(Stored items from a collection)
Content starts
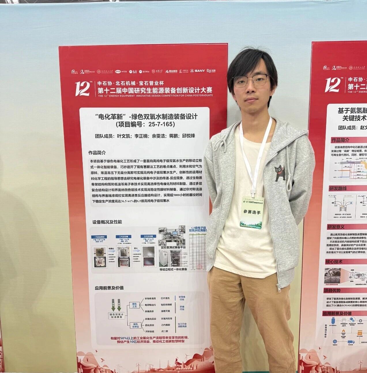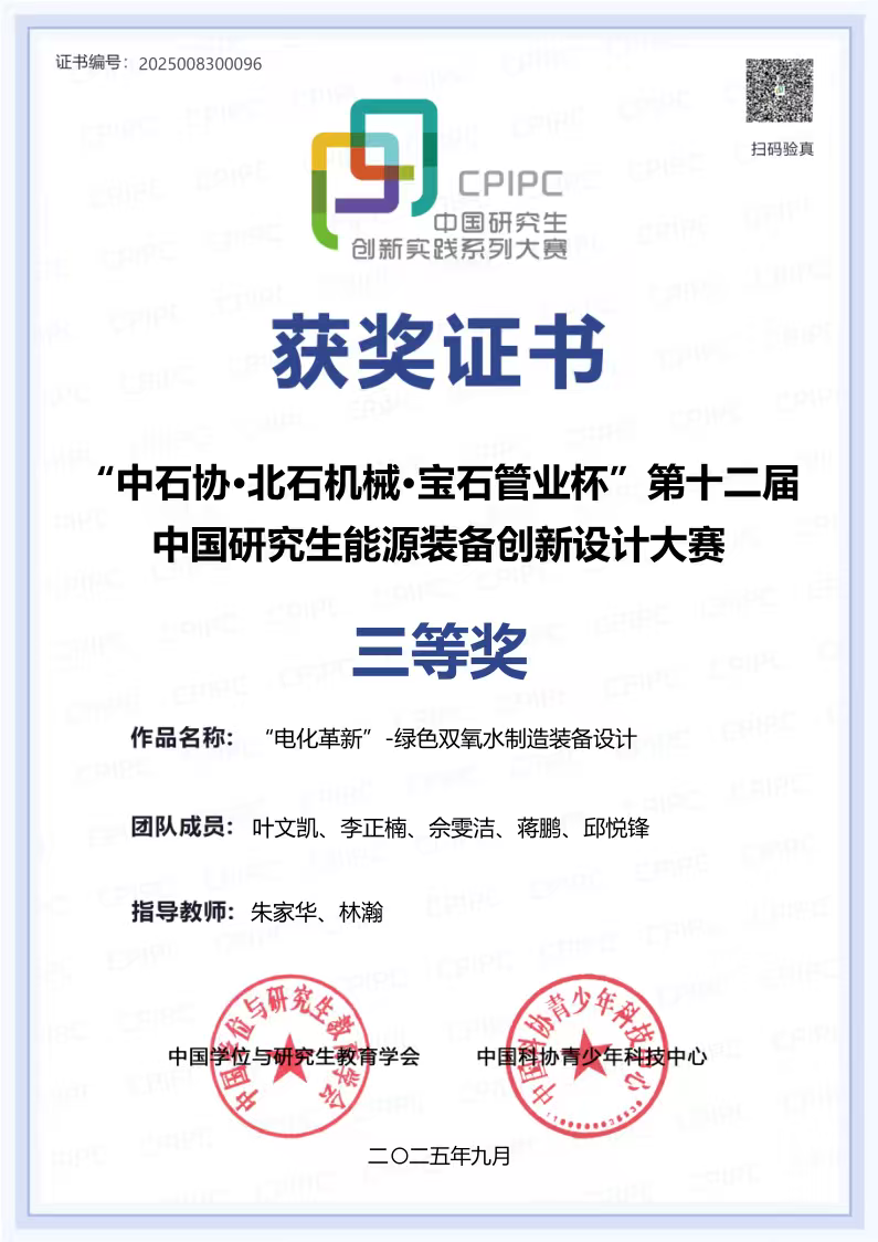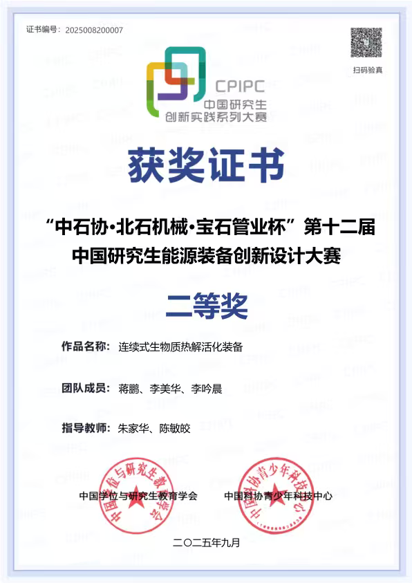在太阳成集团tyc234cc朱家华教授指导下,22级博士研究生蒋鹏团队的参赛作品“连续式生物质热解活化装备”荣获全国二等奖。该项目打破传统工艺碳化-活化分离,依靠经验调控,功能化手段不足的难题,实现功能碳材料的规模化制备。朱家华教授指导的2401班硕士研究生叶文凯团队以“电化革新——绿色双氧水制造装备设计”项目荣获全国三等奖。该项目形成了一套面向高纯电子级双氧水生产的移动立柜式一体化智能装备,巧妙避开了现有蒽醌法工艺的难点痛点,实现了电催化驱动实现电子级双氧水合成工艺的绿色转型。
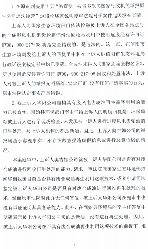 因发现华阳长青投资有限公司(下称:长青公司。位于河南省信阳市固始县)在多家央企风电润滑油招投标过程中,违法使用只适用于废矿物油回收处置的《危险废物经营许可证》HW08:900-217-08,回收处置废合成型风力发电机组齿轮油(下称:废风电齿轮油)问题,沈阳奥吉娜化工有限公司(下称:奥吉娜公司)自2022年10月18日起,多次向国家生态环境部及直属部门进行实名举报。因不接受信阳市生态环境局固始分局的多次答复和信阳市生态环境局的调查处理结论,奥吉娜公司遂以不作为和乱作为为由,起诉信阳市生态环境局(长青公司为第三人),经过固始县法院的一审、信阳市中级法院的二审、以及河南省高级法院的三审,均以奥吉娜公司为“不适格原告”(用白话讲,就是没有起诉资格)为由,裁定驳回起诉、上诉和申诉。
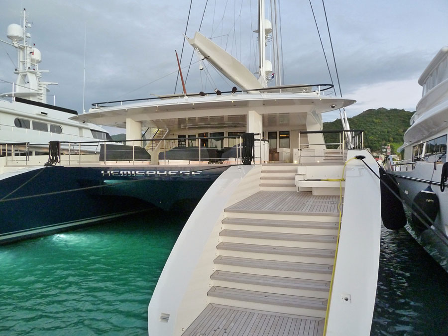 Reilu päivä saatiin katsella Marigotin ihmeitä. Marinan laituriin oli myös tullut maailman suurin, 145-jalkainen, luksuskatamaraani. Hemispheren chartraushinta oli 250.000 taalaa viikossa, jos nyt joku haluaa kokeilla millaista on purjehtia toisen kerroksen väen kanssa.
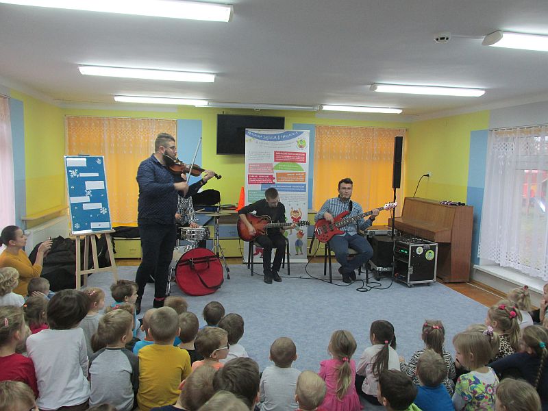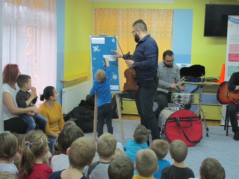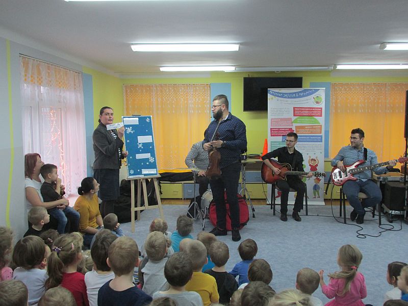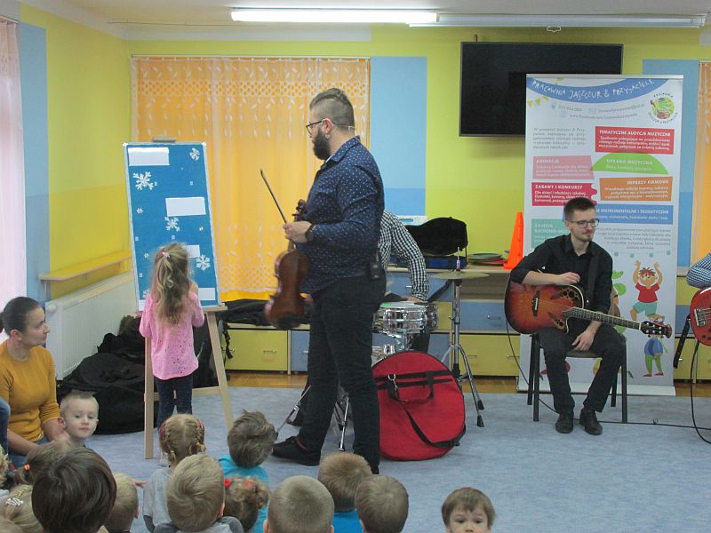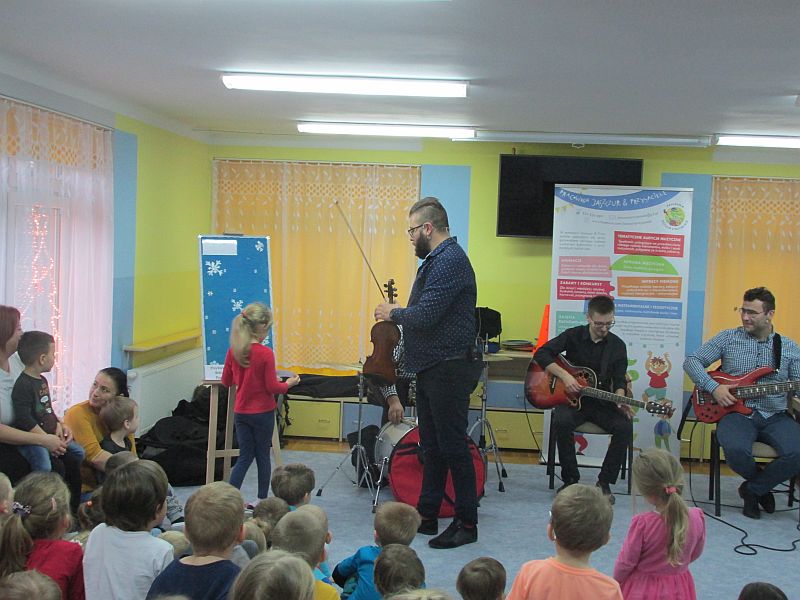 10 grudnia 2019r do naszego przedszkola przybyła grupa muzyczna Jaszczur & Przyjaciele.Przy dźwiękach instrumentów, na których akompaniowali nam wspaniale panowie muzycy ,wszyscy razem śpiewaliśmy nasze polskie kolędy i pastorałki.Ach jak zrobiło się światecznie..... : )
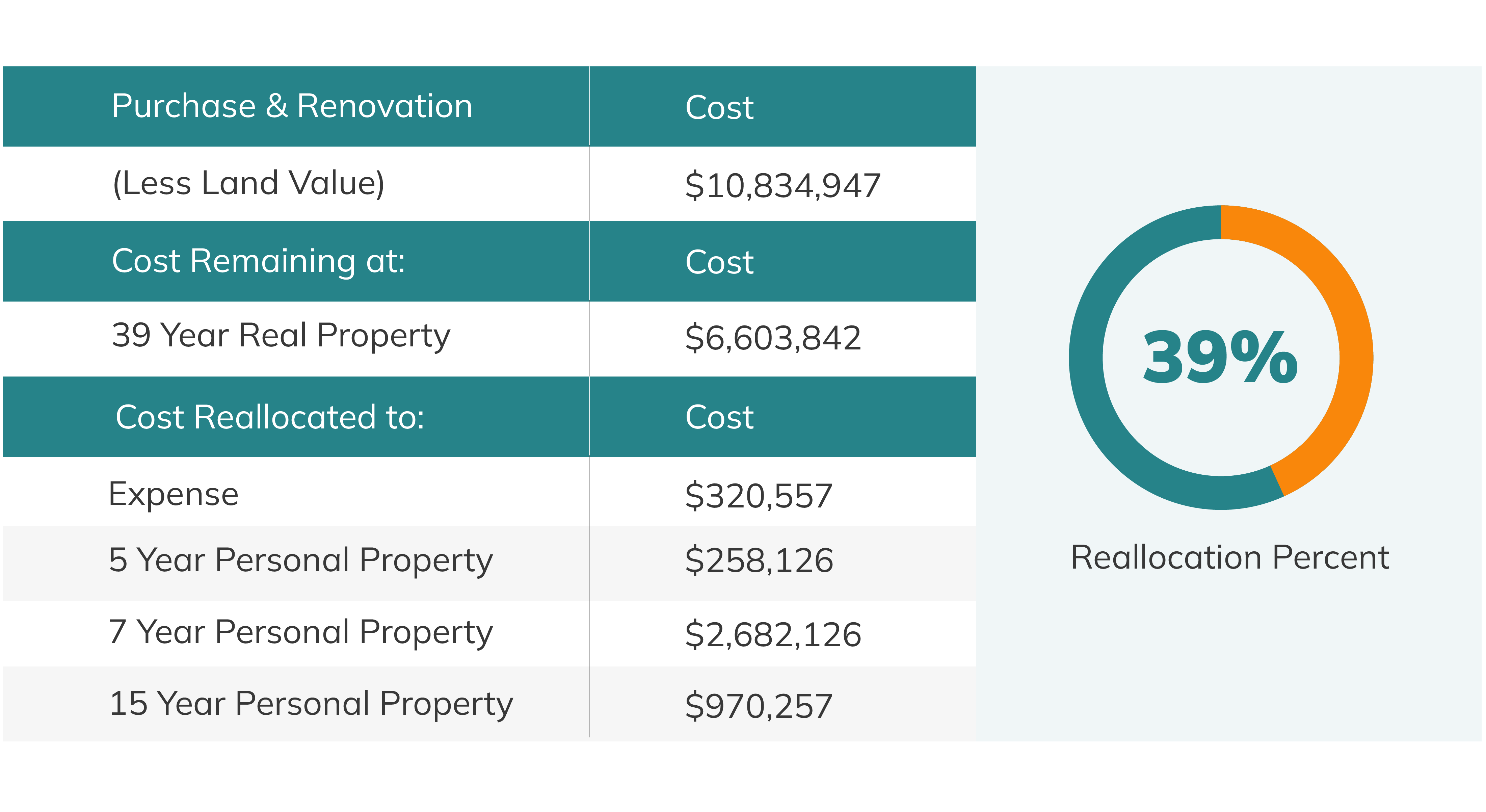 Approximately 39% of the project’s real property was reallocated to personal property, which has a shorter depreciable life or could be expensed. This acceleration in depreciation expense resulted in increased cash flow in years 1-5 of $589,070. Additionally, the company realized a $498,764 net present value benefit through the front-loading of depreciation expense (remember that the time value of money tells us that money available at the present time is worth more than the same amount in the future due to its potential earning capacity).
Content ends
Print each of the records above exactly as written, leaving no picture in the copy.

在太阳成集团tyc234cc朱家华教授指导下,22级博士研究生蒋鹏团队的参赛作品“连续式生物质热解活化装备”荣获全国二等奖。该项目打破传统工艺碳化-活化分离,依靠经验调控,功能化手段不足的难题,实现功能碳材料的规模化制备。朱家华教授指导的2401班硕士研究生叶文凯团队以“电化革新——绿色双氧水制造装备设计”项目荣获全国三等奖。该项目形成了一套面向高纯电子级双氧水生产的移动立柜式一体化智能装备,巧妙避开了现有蒽醌法工艺的难点痛点,实现了电催化驱动实现电子级双氧水合成工艺的绿色转型。
 因发现华阳长青投资有限公司(下称:长青公司。位于河南省信阳市固始县)在多家央企风电润滑油招投标过程中,违法使用只适用于废矿物油回收处置的《危险废物经营许可证》HW08:900-217-08,回收处置废合成型风力发电机组齿轮油(下称:废风电齿轮油)问题,沈阳奥吉娜化工有限公司(下称:奥吉娜公司)自2022年10月18日起,多次向国家生态环境部及直属部门进行实名举报。因不接受信阳市生态环境局固始分局的多次答复和信阳市生态环境局的调查处理结论,奥吉娜公司遂以不作为和乱作为为由,起诉信阳市生态环境局(长青公司为第三人),经过固始县法院的一审、信阳市中级法院的二审、以及河南省高级法院的三审,均以奥吉娜公司为“不适格原告”(用白话讲,就是没有起诉资格)为由,裁定驳回起诉、上诉和申诉。
 Reilu päivä saatiin katsella Marigotin ihmeitä. Marinan laituriin oli myös tullut maailman suurin, 145-jalkainen, luksuskatamaraani. Hemispheren chartraushinta oli 250.000 taalaa viikossa, jos nyt joku haluaa kokeilla millaista on purjehtia toisen kerroksen väen kanssa.
 10 grudnia 2019r do naszego przedszkola przybyła grupa muzyczna Jaszczur & Przyjaciele.Przy dźwiękach instrumentów, na których akompaniowali nam wspaniale panowie muzycy ,wszyscy razem śpiewaliśmy nasze polskie kolędy i pastorałki.Ach jak zrobiło się światecznie..... : )
 Approximately 39% of the project’s real property was reallocated to personal property, which has a shorter depreciable life or could be expensed. This acceleration in depreciation expense resulted in increased cash flow in years 1-5 of $589,070. Additionally, the company realized a $498,764 net present value benefit through the front-loading of depreciation expense (remember that the time value of money tells us that money available at the present time is worth more than the same amount in the future due to its potential earning capacity).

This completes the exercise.